Solved

Parse non-delimited Address field

Posted on 2013-11-10
11
473 Views
Last Modified: 2013-11-26
I have a field in an Access record data-set that contain the addresses of businesses. The table contains 7,000 records.

Current Record:

fldBusAddress
|646 RACOON RDG SCOTTSVILLE VA 24590              |
|1120 KINGSWAY RD AFTON VA 22920                  |
|3606 MILLINGTON RD FREE UNION VA 22940           |
|248 REAS FORD RD EARLYSVILLE VA 22936            |
|2684 CHAPEL SPRINGS LN FREE UNION VA 22940       |
|2030 AVON CT UNIT 8 CHARLOTTESVILLE VA 22902     |
|1667 BAILEYS RETREAT RD CHARLOTTESVILLE VA 22901 |

Desired Record:

HseNum|Street Name       |Suite  |City            |State |Zip
646   |RACOON RDG        |       |SCOTTSVILLE     |VA    |24590
1120  |KINGSWAY RD       |       |AFTON           |VA    |22920
3606  |MILLINGTON RD     |       |FREE UNION      |VA    |22940
248   |REAS FORD RD      |       |EARLYSVILLE     |VA    |22936
2684  |CHAPEL SPRINGS LN |       |FREE UNION      |VA    |22940
2030  |AVON CT           |UNIT 8 |CHARLOTTESVILLE |VA    |22902
1667  |BAILEYS RETREAT RD|       |CHARLOTTESVILLE |VA    |22901

I have uploaded two .txt files.

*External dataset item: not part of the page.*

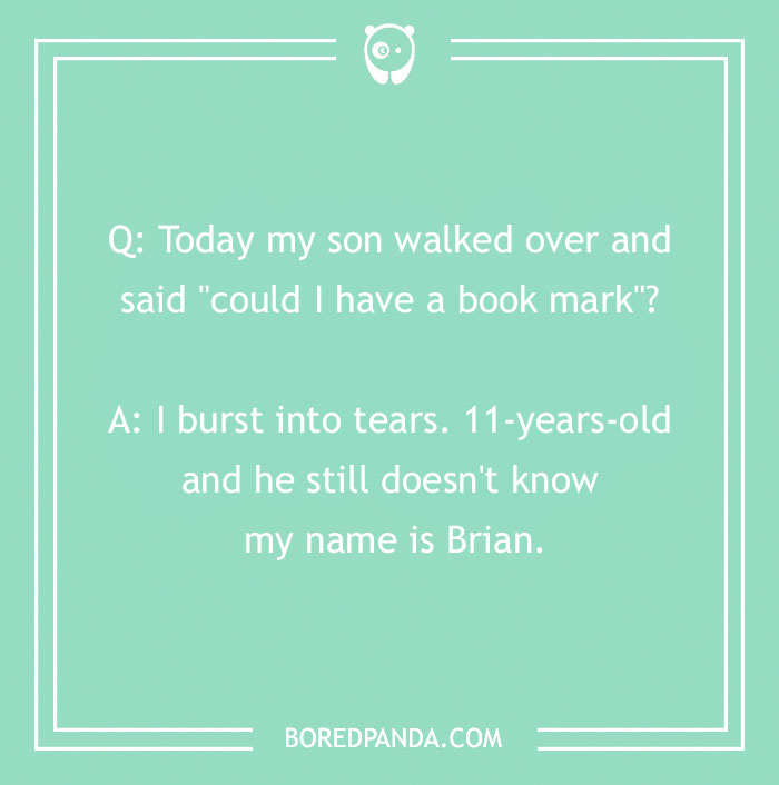Today my son walked over and said "could I have a book mark"? I burst into tears. 11-years-old and he still doesn't know my name is Brian.

One is of the example above and the other is a 100 record data-set.

I have been successful using Left() to get the HseNum and InStrRev() to get the State and Zip but the records that have a two-part City name and/or a two-part Street name has me stumped. I have also checked the knowledge base but could not find a satisfactory solution.

I am getting near a deadline and need help to move forward. Thanks in advance!!
BusAddrExample.txt
BusinessAddress.txt
0
Comment
Question by:ergenbgr
  • 3
  • 2
  • 2
  • +4
11 Comments
 
LVL 57
ID: 39637033
<<but the records that have a two-part City name and/or a two-part Street name has me stumped. I have also checked the knowledge base but could not find a satisfactory solution.>>

 That's because there is none really.   An address like this:

|2684 CHAPEL SPRINGS LN FREE UNION VA 22940  

is very though to break up.

Your best bet in these cases is to have zip code data base, lookup the city and then see if it matches some part of the string.

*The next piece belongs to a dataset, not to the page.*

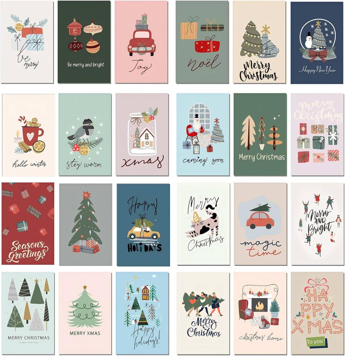 優しい気持ち クリスマスカード ポストカード メッセージカード 24枚セット 24種 封筒付き グリーティングカード ポストカード

That doesn't always work however because many times the zip given has a city name that's different from the "city" used in the address.

 For example, 14051 gives "Amherst, NY", but someone might use the city of Williamsville, NY

 What I do in these cases is have a flag for non-validated addresses and then have someone break them up manually.

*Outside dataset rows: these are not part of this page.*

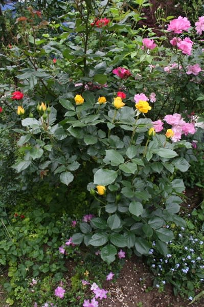 一番前にマイダスタッチ、その後ろには赤いバラのノックアウト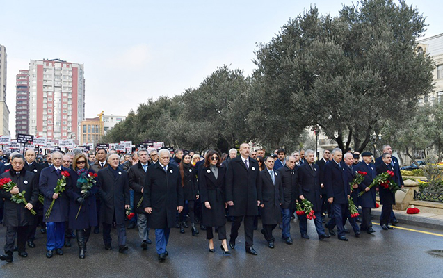 Rəsmilər Xocalı soyqırımı abidəsini ziyarət etdi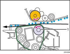 Il PTR [1] ha la funzione di consegnare la carta dal rullo di sincronizzazione del trasferimento della carta.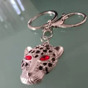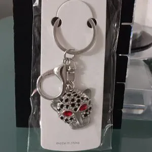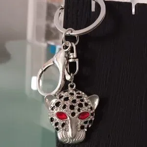ONLY **1** LEFT!!! NEW!!! MINT Cheetah Silver Black Enamel Red & Clear Crystals Purse Charm Key Chain**Silver Cheetah Head is decorated with Black Enamel and Red & Clear Crystals! In addition to using it as a Key Chain since it has a Key Ring you can attach it to your Handbag! Making it a Fabulous Purse Charm/Accessory by using the Purse Clip! Cool Design you'll Love this one!**Total Length is 3.5" Long**NEW ON HANG TAG!

Generally, by the time you get down to the real exceptions, there's only a handful in comparison to the full list.

Jim.
0
 
LVL 57
ID: 39637038
The other thing you can do is look for things like "Lane", "Road", "Route", "LN", "RD", "RTE", etc  and try and determine where the address info ends.

Anything between there and the state is the city.

Jim.
0
 
LVL 70

Expert Comment

by:KCTS
ID: 39637095
I can't see how you are going to automate this. Its   pretty simple task to split the data into individual words but the problem here is that there is no consistency, By that I mean there is no way to tell where one part of the address end and the other starts since the street address can be one, two or three words, suite is sometimes present and sometimes missing, city again can be one, two or perhaps three words.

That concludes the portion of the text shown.